== What needs to be done ==
Would you transcribe the listing that follows word for word, skipping pictures?

== Material provided ==
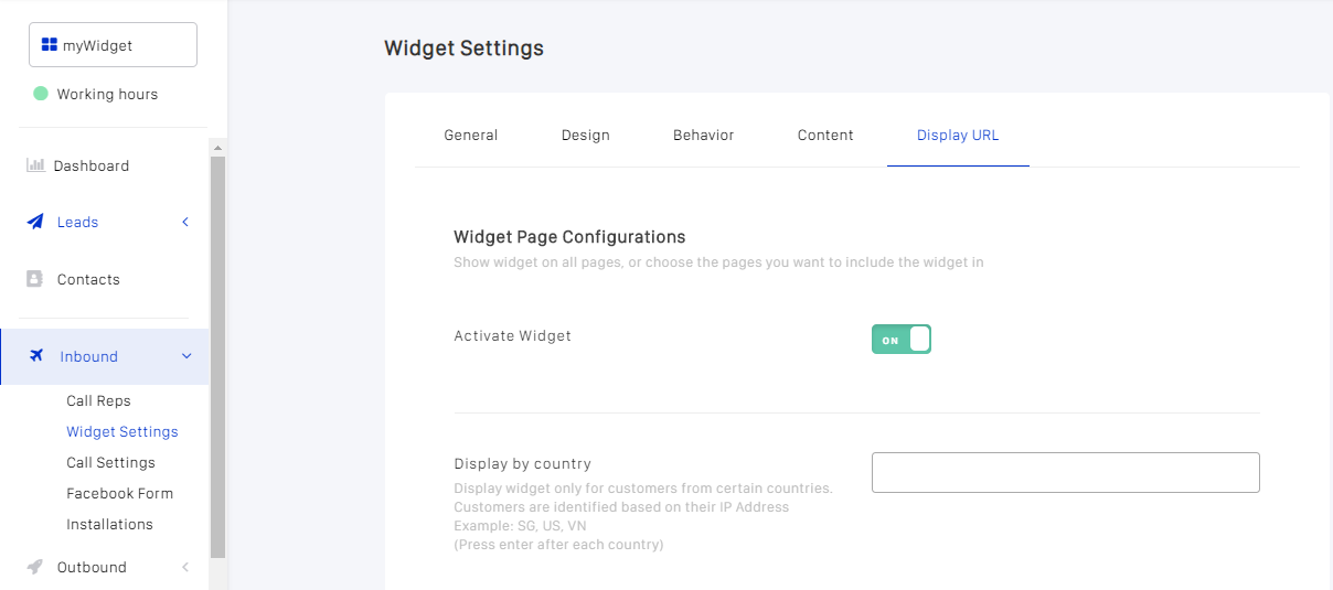 In addition, you may choose to select where your widget appears (or not) by inputting keywords that the URL contains or an exact URL match.
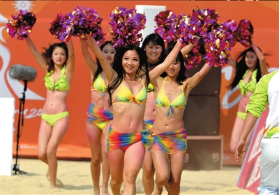 本屆亞運(yùn)會的沙排寶貝分為兩類,一類是廣州本地的,有三支隊(duì)伍,都是職業(yè)拉拉隊(duì),昨天中午表演的是平時(shí)服務(wù)于CBA聯(lián)賽的;另外一支拉拉隊(duì)來自北京師范大學(xué),是通過亞運(yùn)拉拉隊(duì)海選的佼佼者,其中幾個(gè)姑娘還參加過北京奧運(yùn)會的拉拉隊(duì)表演。這些女孩子很有鏡頭感,一看到鏡頭,紛紛爭著擺各種姿勢。女孩們昨天剛剛拿到亞運(yùn)會的工作證,一個(gè)女孩兒指著自己脖子上的證件說:“你知道我掛著這個(gè)證件,走在廣州大街上有多光榮嗎?”本報(bào)記者蒲東峰攝(記者劉旭輝)
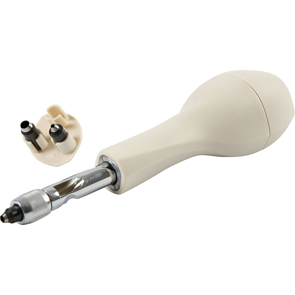 Kolmes suuruses kruvikeerajaga augud mitme kihi paberi, raske kartongi, kanga, spooni, korgi, naha või metallfooliumi läbilõikamiseks. Vahetatavad otsikud on mugavalt käepideme sees
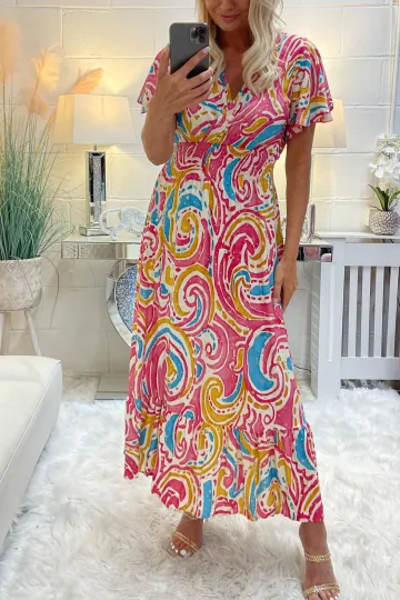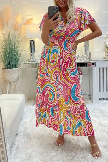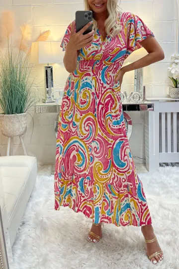 Wholesale Swirl Gold Foil Shirred Maxi Dress

== Result for this exercise ==
 In addition, you may choose to select where your widget appears (or not) by inputting keywords that the URL contains or an exact URL match.
 本屆亞運(yùn)會的沙排寶貝分為兩類,一類是廣州本地的,有三支隊(duì)伍,都是職業(yè)拉拉隊(duì),昨天中午表演的是平時(shí)服務(wù)于CBA聯(lián)賽的;另外一支拉拉隊(duì)來自北京師范大學(xué),是通過亞運(yùn)拉拉隊(duì)海選的佼佼者,其中幾個(gè)姑娘還參加過北京奧運(yùn)會的拉拉隊(duì)表演。這些女孩子很有鏡頭感,一看到鏡頭,紛紛爭著擺各種姿勢。女孩們昨天剛剛拿到亞運(yùn)會的工作證,一個(gè)女孩兒指著自己脖子上的證件說:“你知道我掛著這個(gè)證件,走在廣州大街上有多光榮嗎?”本報(bào)記者蒲東峰攝(記者劉旭輝)
 Kolmes suuruses kruvikeerajaga augud mitme kihi paberi, raske kartongi, kanga, spooni, korgi, naha või metallfooliumi läbilõikamiseks. Vahetatavad otsikud on mugavalt käepideme sees
 Wholesale Swirl Gold Foil Shirred Maxi Dress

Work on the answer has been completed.